Hal-hal lain yang Cak Nun ikut menambahkan adalah berkaitan dengan ilmu katuranggan, pranotomongso dan hidayah. Ilmu katuranggan perlu dipelajari setiap orangtua untuk keperluan mendidik dan memahami anak. Adapun pranotomongso adalah among kahanan atau situasi. Anda ikut musim, atau Anda mengendalikan musim. Proyeksinya, Anda menemukan dan memahami siklus alam di dalam kebudayaan, dan siklus budaya pada politik. Ini bisa baik dan bisa juga untuk niat yang tak baik. Kemudian mengenai hidayah, pada intinya manusia membutuhkan momen-momen hidayah untuk pergerakan dan perubahan di dalam hidupnya.
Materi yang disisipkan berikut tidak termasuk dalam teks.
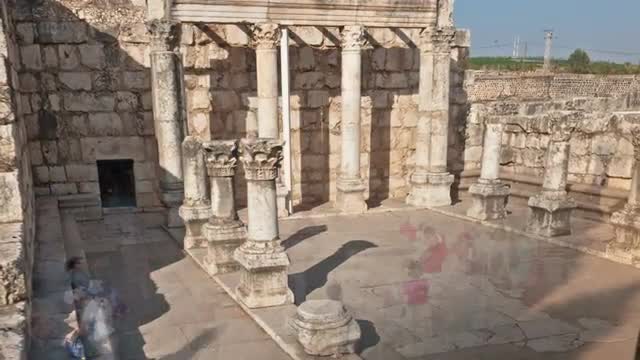 Panning shot of Dolly time-lapse of tourists at the old synagogue in Capernuam, Israel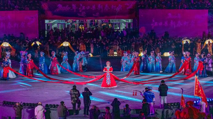 3月2日,江口县2026年新春灯会活动在体育馆举行,龙灯飞舞、茶灯悠扬,非遗展演、民俗荟萃相映成趣,吸引了上万市民群众及游客欢聚一堂,在热闹喜庆的氛围中共庆佳节、共享喜悦。

Pukul 03.30 Mocopat Syafaat memasuki penghujung, padahal nikmat Maiyah belum cukup waktu untuk benar-benar dapat diungkap dan dibagikan. Usai lantunan Duh Gusti, Cak Nun menutup perjumpaan malam ini dengan kalimat-kalimat yang diiringi dengan sesenggukan menahan tangis-jiwa dari dalam hatinya. Para jamaah kemudian berbaris berjabat tangan dengan Cak Nun dan narasumber lainnya.